MySQL is one of the world's most popular open source databases. A key strength of the MySQL database is its excellent performance and scalability, making it well suited to serve as a back end for web sites, data warehousing, and other data-intensive applications in the enterprise environment.

To maximize the performance of MySQL on the Solaris Operating System, database server configuration and tuning are important, as well as the optimization of the Solaris OS for MySQL. However, no universal MySQL server tuning parameters apply to all workloads on all platforms; the appropriate parameters will depend on your particular workload, hardware and OS platform, and MySQL usage. This paper is intended to help you define these parameters and tune them in your environment.

MySQL includes several storage engines, including MyISAM, InnoDB, HEAP, and Berkeley DB (BDB). InnoDB and BDB storage support Atomic, Consistent, Isolation, and Durable (ACID) transactions with commit, rollback, and crash recovery capabilities, and only InnoDB storage supports row-level locks with queries running as non-locking consistent reads by default.
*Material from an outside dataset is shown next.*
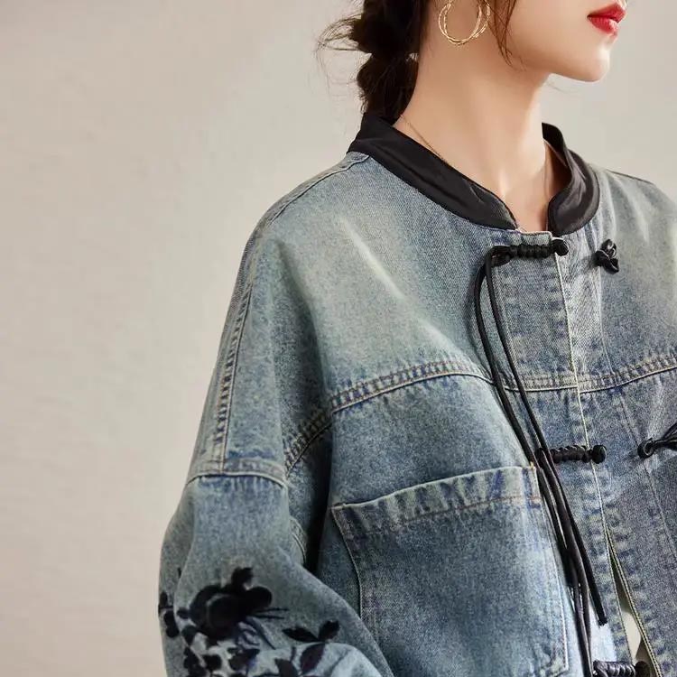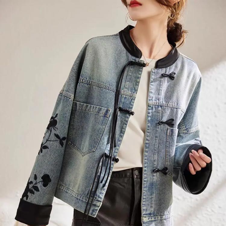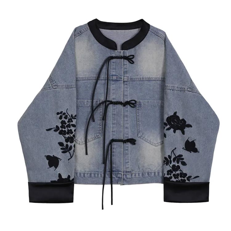 チャイナ風 ノーカラー デニムジャケッ

The InnoDB storage engine supports all four isolation levels: read uncommitted, read committed, repeatable read, and serializable. InnoDB also has the feature known as referential integrity with foreign key constraints support, and it supports fast record lookups for queries using a primary key. Because of these and other powerful functions and features, InnoDB is often used in large, heavy-load production systems. This paper covers the different ways to improve the use of CPU, memory, and disk drive resources for the Solaris 10 OS. Topics include using optimized libraries, compiling 64-bit MySQL with Sun Studio 11 software, tuning the Solaris UFS file system, and MySQL server configuration and tuning for the InnoDB storage engine on the Solaris platform.

InnoDB User Threads

MySQL is a single-process, multithreaded application. One master thread has the highest priority among all the MySQL threads to control the server. The main thread is idle most of the time and “wakes up” every 300 milliseconds (msec) to check whether an action is required, such as flushing dirty blocks in the buffer pool.
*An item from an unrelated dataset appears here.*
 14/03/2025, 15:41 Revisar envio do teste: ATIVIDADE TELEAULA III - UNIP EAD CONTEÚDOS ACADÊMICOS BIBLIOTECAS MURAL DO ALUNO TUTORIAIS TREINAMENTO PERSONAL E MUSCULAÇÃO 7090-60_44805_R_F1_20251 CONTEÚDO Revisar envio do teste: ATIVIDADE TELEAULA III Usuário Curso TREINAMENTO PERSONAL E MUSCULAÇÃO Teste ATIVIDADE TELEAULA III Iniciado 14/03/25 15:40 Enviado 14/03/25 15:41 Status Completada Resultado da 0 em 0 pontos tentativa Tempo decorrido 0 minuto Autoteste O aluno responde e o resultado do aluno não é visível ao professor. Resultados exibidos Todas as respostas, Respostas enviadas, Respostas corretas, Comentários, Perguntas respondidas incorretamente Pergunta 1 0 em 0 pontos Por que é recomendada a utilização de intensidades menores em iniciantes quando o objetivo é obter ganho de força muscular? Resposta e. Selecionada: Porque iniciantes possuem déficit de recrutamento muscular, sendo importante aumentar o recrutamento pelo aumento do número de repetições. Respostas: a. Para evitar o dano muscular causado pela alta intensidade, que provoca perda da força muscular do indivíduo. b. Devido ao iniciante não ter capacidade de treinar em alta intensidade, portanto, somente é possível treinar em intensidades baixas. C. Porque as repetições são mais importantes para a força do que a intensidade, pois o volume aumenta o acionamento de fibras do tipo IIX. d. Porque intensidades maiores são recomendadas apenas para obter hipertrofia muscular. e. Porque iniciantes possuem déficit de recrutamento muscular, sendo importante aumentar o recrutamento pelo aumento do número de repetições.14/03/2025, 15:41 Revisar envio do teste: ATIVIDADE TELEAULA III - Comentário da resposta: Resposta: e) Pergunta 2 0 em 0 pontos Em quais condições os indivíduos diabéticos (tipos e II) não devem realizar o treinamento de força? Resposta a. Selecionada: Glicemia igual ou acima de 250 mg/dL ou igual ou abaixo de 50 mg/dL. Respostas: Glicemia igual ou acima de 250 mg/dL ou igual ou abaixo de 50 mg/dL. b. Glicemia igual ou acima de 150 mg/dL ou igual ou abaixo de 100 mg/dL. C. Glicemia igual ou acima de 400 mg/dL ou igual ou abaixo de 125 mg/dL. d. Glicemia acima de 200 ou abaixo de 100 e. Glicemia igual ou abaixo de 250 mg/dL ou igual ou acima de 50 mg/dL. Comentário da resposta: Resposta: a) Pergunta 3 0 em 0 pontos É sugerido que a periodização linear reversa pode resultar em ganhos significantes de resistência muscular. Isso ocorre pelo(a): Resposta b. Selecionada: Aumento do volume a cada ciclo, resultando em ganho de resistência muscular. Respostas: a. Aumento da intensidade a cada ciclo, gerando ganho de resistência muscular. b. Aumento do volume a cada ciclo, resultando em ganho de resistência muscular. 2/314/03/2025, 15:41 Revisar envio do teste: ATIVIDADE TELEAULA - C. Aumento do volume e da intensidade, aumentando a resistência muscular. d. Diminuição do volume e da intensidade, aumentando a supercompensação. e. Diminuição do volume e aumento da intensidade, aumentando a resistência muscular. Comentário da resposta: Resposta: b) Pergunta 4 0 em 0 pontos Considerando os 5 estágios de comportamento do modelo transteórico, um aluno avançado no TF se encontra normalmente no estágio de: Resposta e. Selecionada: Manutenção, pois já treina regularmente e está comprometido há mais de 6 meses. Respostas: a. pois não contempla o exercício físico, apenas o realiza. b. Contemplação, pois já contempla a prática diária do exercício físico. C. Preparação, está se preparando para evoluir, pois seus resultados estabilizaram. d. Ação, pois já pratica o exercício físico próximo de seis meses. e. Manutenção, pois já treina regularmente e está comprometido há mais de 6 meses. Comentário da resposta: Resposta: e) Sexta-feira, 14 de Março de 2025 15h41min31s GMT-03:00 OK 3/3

In addition to the main threads, a dedicated set of user threads run at normal priority in the thread pools to handle simultaneous client requests. For each client request, one single thread is created to process the client request and send back the result to each client once the result is ready. And there is one single user thread that waits for input from the console and a group of utility threads running at lower priority to handle some background tasks.

Right now, MySQL cannot scale well with the number of the user threads handling client requests. Performance scales up efficiently with each additional user thread until it reaches the peak performance point. After that, increasing the number of user connections will decrease MySQL performance because of thread concurrency contention. For applications where the number of user connections is tunable, you need to determine -- for different workloads -- the optimum number of user connections for peak performance.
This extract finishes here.